___ COLLECTED DATA
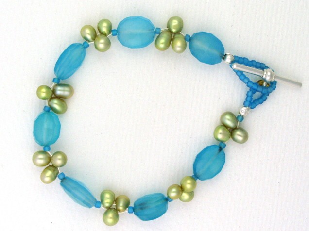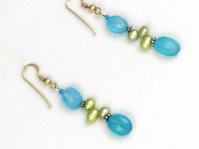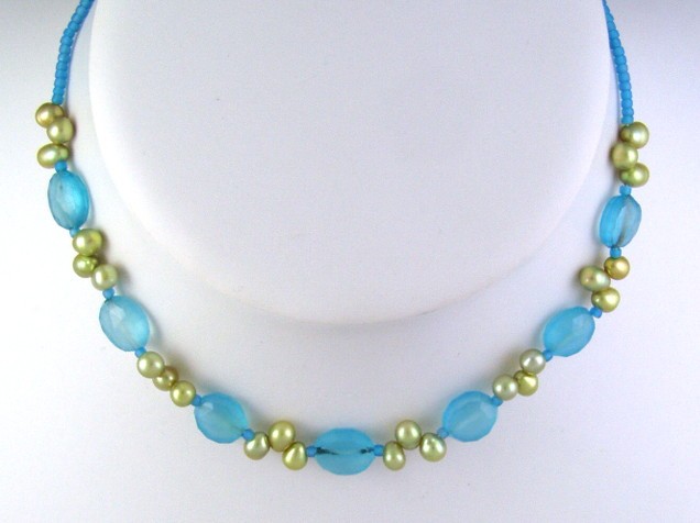 This necklace is made with faceted lagoon blue chalcedony and trios of creamy lime green freshwater pearls.
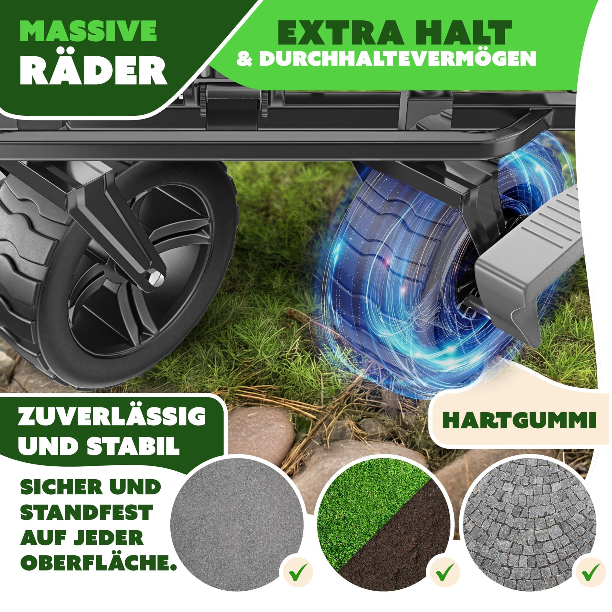 Dieser faltbare Handwagen ist die ideale und robuste Transportlösung für Ausflüge, Einkäufe und Freizeitaktivitäten. Mit seiner durchdachten Konstruktion und der umfangreichen Ausstattung sind Sie für jedes Vorhaben bestens gerüstet.
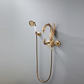 set di rubinetti per doccia in ottone vintage con doccetta a mano, miscelatore per vasca da bagno tradizionale con doppia maniglia a parete
______
ACTIVITY :: Repeat the data verbatim through the "Dieser faltbare Handwagen" line, no pictures.

THE COMPLETED TASK ::
 This necklace is made with faceted lagoon blue chalcedony and trios of creamy lime green freshwater pearls.
 Dieser faltbare Handwagen ist die ideale und robuste Transportlösung für Ausflüge, Einkäufe und Freizeitaktivitäten. Mit seiner durchdachten Konstruktion und der umfangreichen Ausstattung sind Sie für jedes Vorhaben bestens gerüstet.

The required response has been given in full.